2. The method for preparing a pharmaceutical preparation containing oxybuprocaine hydrochloride according to claim 1, characterized in that, Step S1 includes: S1.1 Add methyl 3-hydroxy-4-nitrobenzene and N,N-dimethylformamide, wherein the mass of N,N-dimethylformamide is 6 to 12 times that of methyl 3-hydroxy-4-nitrobenzene. Then add an alkaline accelerator that has been dried at 120°C for 2 to 4 hours, wherein the amount added is 1.2 to 2.0 times the molar mass of methyl 3-hydroxy-4-nitrobenzene. Start stirring and pre-activate at 20 to 30°C for 20 to 40 minutes. S1.2 Add alkylating agent at 20-30℃. The amount of alkylating agent added is 1.05-1.30 times the molar amount of methyl 3-hydroxy-4-nitrobenzene. Control the addition time to 30-90 min. After the addition is completed, raise the temperature to 80-90℃ and keep it at the temperature for 4-8 h. Take a sample every 1-2 h during the reaction until the residual amount of methyl 3-hydroxy-4-nitrobenzene drops to the preset range and the reaction ends. S1.3 After the reaction is complete, N,N-dimethylformamide is distilled off under reduced pressure at -0.08 to -0.095 MPa. The temperature is controlled at 55 to 75°C during the distillation process. After the residual amount of N,N-dimethylformamide is reduced to the preset range, 1.0 to 2.5 mol / L of alkaline solution is added. The amount of alkaline solution added is 1.1 to 1.8 times the theoretical molar amount of methyl ester. The reaction is continued at 45 to 65°C for 1 to 3 hours. S1.4 After the reaction is complete, the temperature is lowered to 10-25℃, and then 15%-25% hydrochloric acid solution is added dropwise for acidification to lower the pH to 1.5-2.
5. At the same time, the temperature is lowered to 5-15℃ and kept at this temperature for aging for 1-3 hours to induce crystallization. S1.5 After crystallization, the filter cake is first washed with purified water at 5-15℃ 1-3 times, and then washed with 10%-30% volume fraction of low temperature ethanol aqueous solution 1-2 times. After washing, the filter cake is placed in vacuum drying at 40-55℃ and -0.06--0.09MPa for 6-12 hours to obtain 3-butoxy-4-nitrobenzoic acid.

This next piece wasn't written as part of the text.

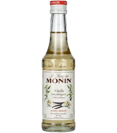 Der Le Sirop de Monin Vanille in der handlichen 0,25-Liter-Flasche bringt das aromatische, süße und zugleich würzige Profil echter Vanille in kompakter Form in die Küche und Bar. Hergestellt vom renommierten französischen Siruphersteller Monin, überzeugt diese Variante durch ihre Vielseitigkeit und die hohe Qualität natürlicher Aromastoffe. Vanille zählt zu den beliebtesten Geschmackskomponenten weltweit – dieser Sirup bietet eine ideale Möglichkeit, sie einfach und effizient in verschiedenste Getränke und Speisen zu integrieren. Ob für den privaten Gebrauch, kleine Cafés oder mobile Bars – die 0,25-l-Größe ist besonders praktisch und platzsparend. Der Sirup ist alkoholfrei, glutenfrei, vegan und ohne künstliche Farbstoffe, was ihn zu einer hervorragenden Wahl für eine breite Zielgruppe macht. Sein reiches, florales Aroma mit cremiger Süße verleiht klassischen wie modernen Rezepten eine warme Tiefe. Farbe: Helles Gold mit warmem Schimmer. Nase: Ausdrucksstark mit süßen, cremigen Vanille- und Karamellnoten. Geschmack: Mild, rund und voll mit intensiver Vanille, feiner Süße und weichem Charakter. Abgang: Lang anhaltend, warm und angenehm süß. Ideal für Kaffeespezialitäten wie Latte Macchiato, Cappuccino oder Vanille-Latte. Auch in heißen Schokoladen, Milchshakes oder Desserts entfaltet der Sirup sein volles Potenzial. Perfekt geeignet zum Verfeinern von Eis, Pudding, Crêpes oder Kuchenfüllungen. Harmoniert besonders gut mit Beeren, Nuss, Karamell und Zimt. Eine vielseitige Zutat für alle, die den klassischen Geschmack von Vanille auf einfache Weise in ihre Rezepte integrieren möchten. ...

3. A method for preparing a pharmaceutical preparation containing oxybuprocaine hydrochloride according to claim 1 or 2, characterized in that, In step S1, the alkaline accelerator includes at least one of anhydrous potassium carbonate, anhydrous sodium carbonate, cesium carbonate, potassium bicarbonate, potassium hydroxide, and sodium hydroxide; the alkylating agent includes at least one of bromobutane, chlorobutane, iodobutane, p-toluenesulfonate, methanesulfonate, and di-n-butyl sulfate; and the alkaline solution includes at least one of aqueous sodium hydroxide solution, aqueous potassium hydroxide solution, aqueous sodium carbonate solution, aqueous potassium carbonate solution, aqueous sodium bicarbonate solution, and ammonia solution.

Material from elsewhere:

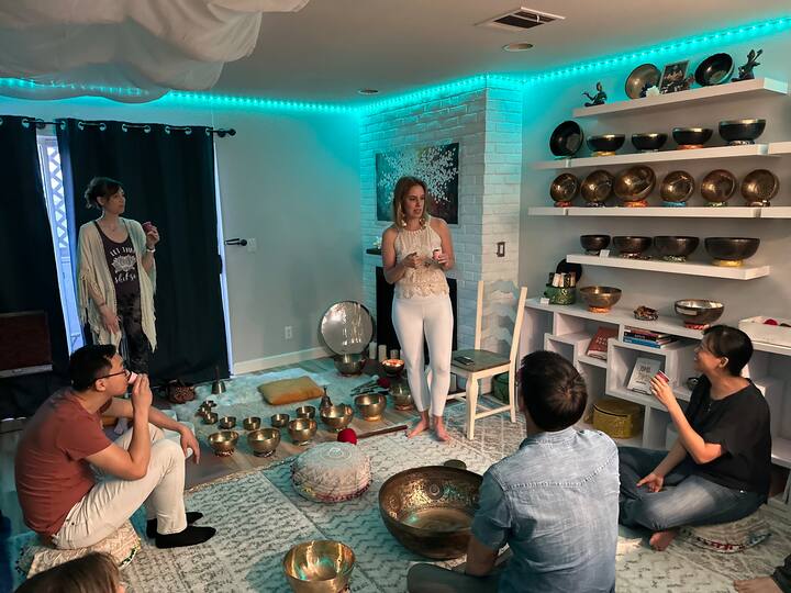 Explore o espaço do Sukha Sound Healing Studio com mais de cinco dúzias de tigelas cantantes do Himalaia e receba orientação personalizada sobre as quatro maneiras de tocar uma tigela cantante, como se conectar com sua energia para a cura e como escolher a tigela cantante que é melhor para sua cura e para você tocar para os outros. Apenas no estúdio de Santa Mônica, não para viagens, a menos que você envie uma mensagem primeiro para coordenar.

4. The method for preparing a pharmaceutical preparation containing oxybuprocaine hydrochloride according to claim 1, characterized in that, Step S2 includes: S2.1 Add toluene to 3-butoxy-4-nitrobenzoic acid, the amount of toluene being 4 to 10 times the mass of 3-butoxy-4-nitrobenzoic acid. Add alkaline accelerator that has been dried at 100 to 130°C for 2 to 6 hours, the amount of which is 1.0 to 2.5 times the molar mass of 3-butoxy-4-nitrobenzoic acid. Start stirring and introduce a small amount of nitrogen for protection. Pre-stir at 25 to 40°C for 20 to 50 minutes. S2.2 Add 2-diethylaminochloroethane hydrochloride at 25-35℃. The amount of 2-diethylaminochloroethane hydrochloride added is 1.05-1.50 times the molar amount of 3-butoxy-4-nitrobenzoic acid. Control the addition time to 30-120 min. Maintain the stirring speed at 150-400 rpm during the addition process. After the addition is completed, continue stirring for 20-40 min. S2.3 After stirring, heat to 100-115℃ and reflux for 4-10 hours. Separate water continuously using a water separator. Take a sample every 1-2 hours during the reaction until the residual amount of 3-butoxy-4-nitrobenzoic acid drops to the preset range and the reaction ends. S2.4 After the reaction is complete, cool to 45-70℃ and perform hot filtration to obtain a clear filtrate. Add anhydrous ethanol to the clear filtrate, the amount of anhydrous ethanol added is 10%-40% of the mass of the clear filtrate. After stirring evenly, add an acid-releasing agent dropwise at 20-35℃. The amount of acid-releasing agent added is 0.9-1.2 times the molar amount of 2-diethylaminochloroethane hydrochloride. Control the dropping time to 30-90 min. During the dropping process, maintain the temperature not higher than 35℃. After the dropping is completed, continue the reaction for 0.5-2 h. S2.5 After the reaction is complete, the temperature is lowered to 0-10℃ and kept at this temperature for aging for 1-4 hours to induce crystallization. After crystallization, the slurry is filtered and the filter cake is washed 1-3 times with a mixture of low-temperature toluene and low-temperature anhydrous ethanol. After washing, the filter cake is placed in a vacuum dryer at 30-45℃ and -0.06--0.09MPa for 4-10 hours to obtain 3-butoxy-4-nitrobenzoic acid-2-(diethylamino)ethyl ester hydrochloride.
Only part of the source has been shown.